The UNHCR said that as conditions worsen in Yemen, refugees are starting to use areas further to the north as a transit route.
It called on all sides in Yemen's war to protect civilians.
"UNHCR is appalled by this tragic incident, the latest in which civilians continue to disproportionately bear the brunt of conflict in Yemen," it said.
The ICRC's Eric Christopher Wyss, quoting survivors at the scene, said many people on the boat "were refugees from Somalia or Yemen, fleeing the conflict".
"It was a gruesome and heartbreaking scene. I saw many men, women and children either killed or horribly wounded," he said.
The IOM said it believed the boat had been headed for Sudan.
"We strongly condemn this attack and deplore such a tragic loss of life," the ICRC's director of operations, Dominik Stillhart, said in a statement.
"These people were themselves fleeing conflict, in search of safety and a better life. We call on the warring parties to conduct an immediate investigation into what happened."
The coast south of Hodeida has seen violent clashes over the past 24 hours, leaving 32 dead including 10 civilians, according to military and medical officials.
The fighting killed 14 rebels and eight soldiers supporting the UN-backed government of President Abedrabbo Mansour Hadi, military sources said.
That came as pro-Hadi forces sought to advance northwards from the port town of Mokha in an offensive to retake Yemen's western coast from Huthi rebel forces.
Saudi-led coalition aircraft had taken part in the assault, the same sources said.

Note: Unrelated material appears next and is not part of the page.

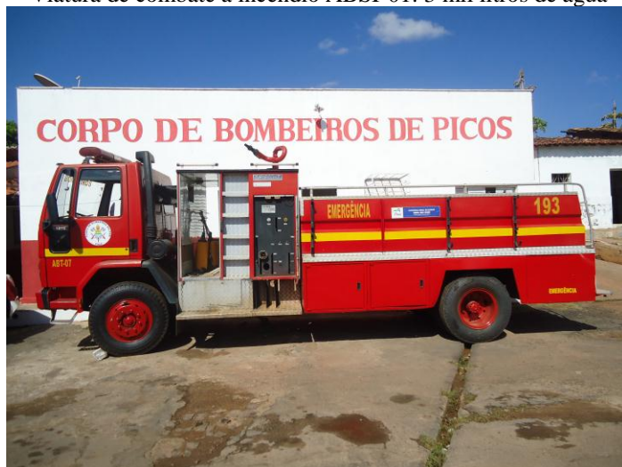
Viatura de Combate a incêndio ABT-07

Seven fishermen were also killed off Hodeida by gunfire from an unidentified source, while a further seven were killed in a car near Mokha, hospital workers said.
The UN's humanitarian chief Stephen O'Brien has called Yemen "the largest humanitarian crisis in the world", with two-thirds of the population in need of aid.
On Friday, a rebel missile attack killed at least 26 members of the pro-government forces in a camp east of the capital Sanaa, officials at a hospital in Marib town said.